Exercise brief -
When copying the data below, keep only the lines from the one with "Skolvägen 4, Pesarby 2:111, östfasad." through the one with "لالایی‌ها بخش لطیفی", word for word, and skip the pictures.

(Records from a data collection)
*-*-*
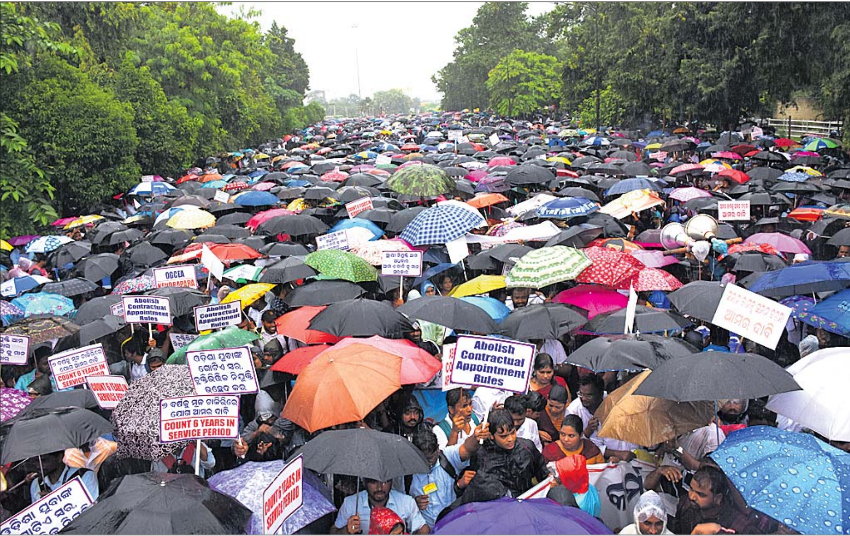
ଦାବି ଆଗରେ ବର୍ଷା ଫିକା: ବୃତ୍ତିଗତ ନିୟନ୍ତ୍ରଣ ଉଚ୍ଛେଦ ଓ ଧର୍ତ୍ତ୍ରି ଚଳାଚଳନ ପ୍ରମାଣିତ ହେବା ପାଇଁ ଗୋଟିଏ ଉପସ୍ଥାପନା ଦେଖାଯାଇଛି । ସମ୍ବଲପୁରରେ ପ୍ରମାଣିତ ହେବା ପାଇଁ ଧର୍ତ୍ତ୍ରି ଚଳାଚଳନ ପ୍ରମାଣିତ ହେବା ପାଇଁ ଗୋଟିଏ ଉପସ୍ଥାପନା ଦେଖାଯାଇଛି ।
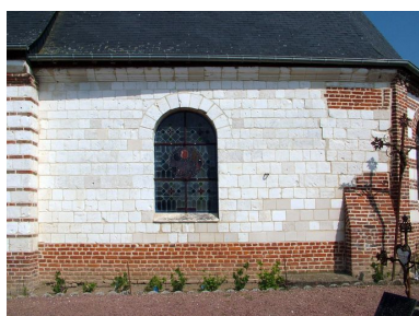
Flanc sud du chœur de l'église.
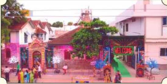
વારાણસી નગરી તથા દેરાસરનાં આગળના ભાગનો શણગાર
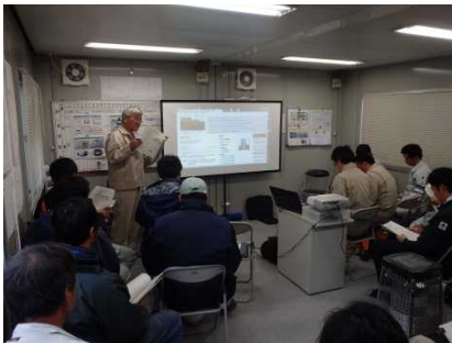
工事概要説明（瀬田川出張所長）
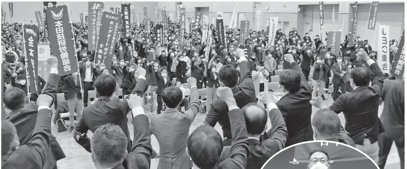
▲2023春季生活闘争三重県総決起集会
*-*-*
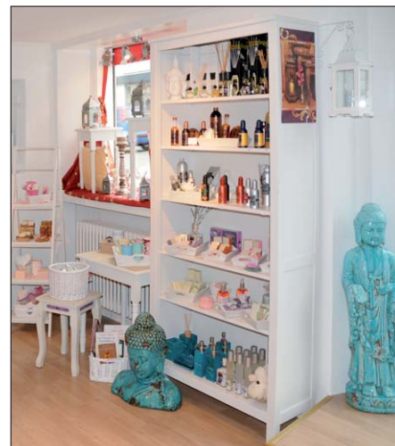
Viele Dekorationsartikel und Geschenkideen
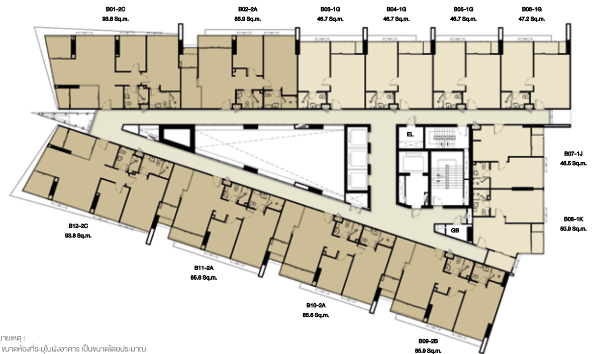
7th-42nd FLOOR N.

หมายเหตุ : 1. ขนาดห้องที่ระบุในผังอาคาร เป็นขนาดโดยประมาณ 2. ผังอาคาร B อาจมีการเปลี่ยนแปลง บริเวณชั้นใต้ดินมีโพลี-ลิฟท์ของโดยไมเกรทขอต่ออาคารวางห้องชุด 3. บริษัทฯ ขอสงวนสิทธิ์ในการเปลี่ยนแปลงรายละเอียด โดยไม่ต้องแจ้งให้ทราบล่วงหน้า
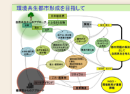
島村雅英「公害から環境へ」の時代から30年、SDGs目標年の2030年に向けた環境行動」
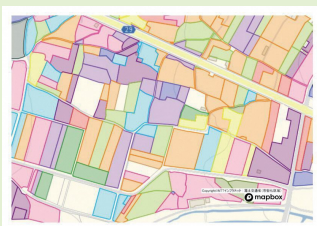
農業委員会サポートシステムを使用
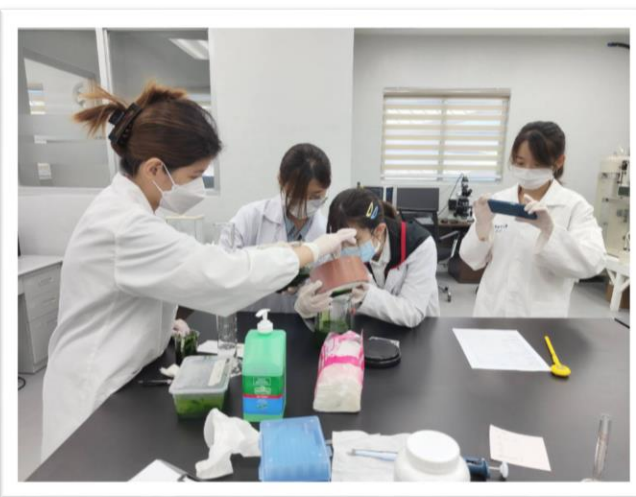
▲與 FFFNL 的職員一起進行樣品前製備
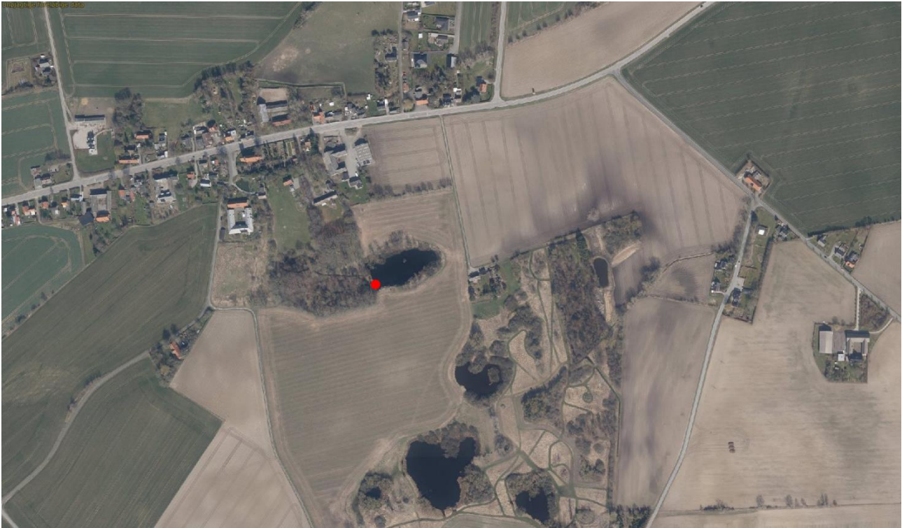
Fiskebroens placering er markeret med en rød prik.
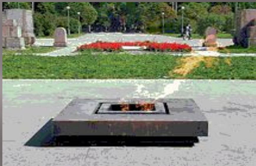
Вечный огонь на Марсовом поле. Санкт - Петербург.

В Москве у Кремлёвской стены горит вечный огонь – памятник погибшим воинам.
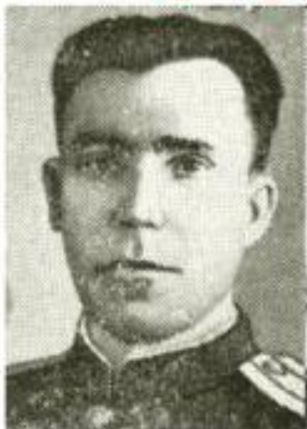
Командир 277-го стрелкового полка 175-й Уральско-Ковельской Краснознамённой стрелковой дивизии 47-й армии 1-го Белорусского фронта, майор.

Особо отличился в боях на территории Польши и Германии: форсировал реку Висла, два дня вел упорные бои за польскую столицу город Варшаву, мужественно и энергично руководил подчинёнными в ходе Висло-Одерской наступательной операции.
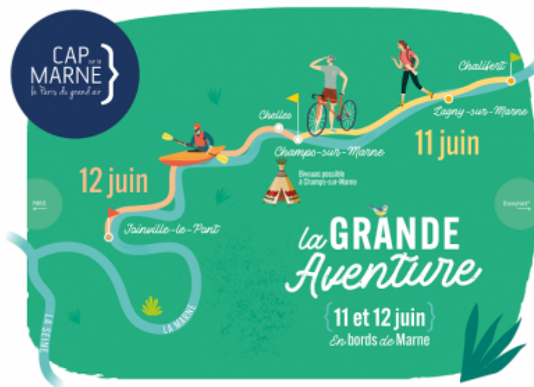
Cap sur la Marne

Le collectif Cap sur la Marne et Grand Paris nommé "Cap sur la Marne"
*-*-*
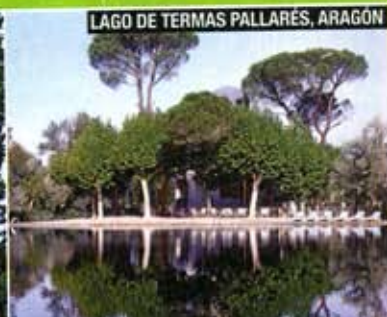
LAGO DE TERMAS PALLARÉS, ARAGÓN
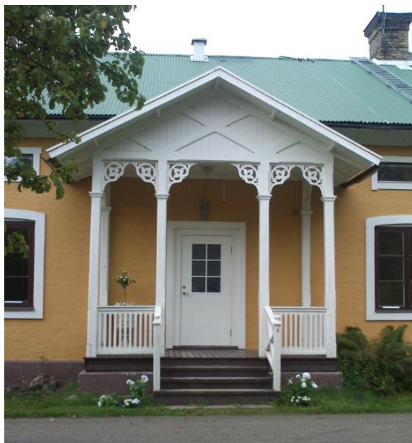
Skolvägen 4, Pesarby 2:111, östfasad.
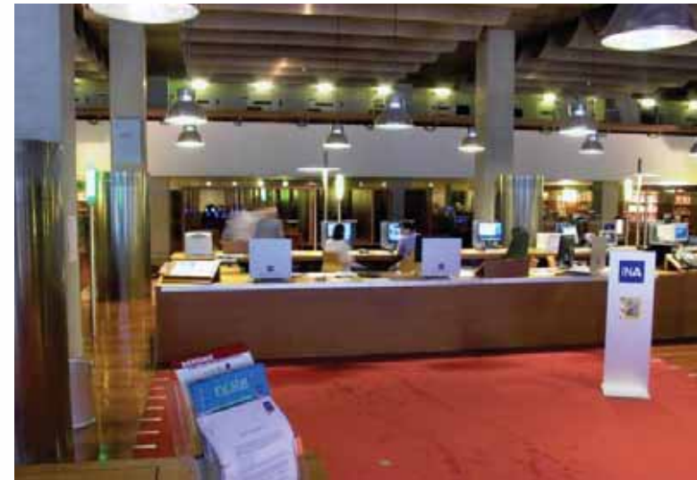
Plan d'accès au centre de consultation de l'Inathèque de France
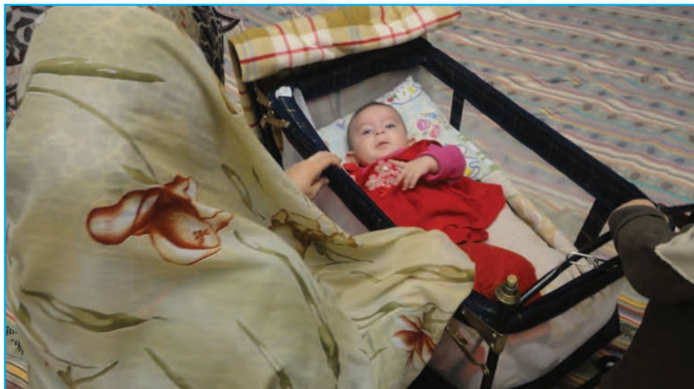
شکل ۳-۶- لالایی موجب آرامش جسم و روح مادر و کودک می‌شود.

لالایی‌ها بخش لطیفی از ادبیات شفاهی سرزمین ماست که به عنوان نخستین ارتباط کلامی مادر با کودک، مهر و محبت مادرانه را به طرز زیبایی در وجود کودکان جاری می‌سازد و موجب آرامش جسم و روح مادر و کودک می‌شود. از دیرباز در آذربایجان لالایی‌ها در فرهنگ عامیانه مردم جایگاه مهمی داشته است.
*-*-*
Answer space -
Skolvägen 4, Pesarby 2:111, östfasad.
Plan d'accès au centre de consultation de l'Inathèque de France
شکل ۳-۶- لالایی موجب آرامش جسم و روح مادر و کودک می‌شود.

لالایی‌ها بخش لطیفی از ادبیات شفاهی سرزمین ماست که به عنوان نخستین ارتباط کلامی مادر با کودک، مهر و محبت مادرانه را به طرز زیبایی در وجود کودکان جاری می‌سازد و موجب آرامش جسم و روح مادر و کودک می‌شود. از دیرباز در آذربایجان لالایی‌ها در فرهنگ عامیانه مردم جایگاه مهمی داشته است.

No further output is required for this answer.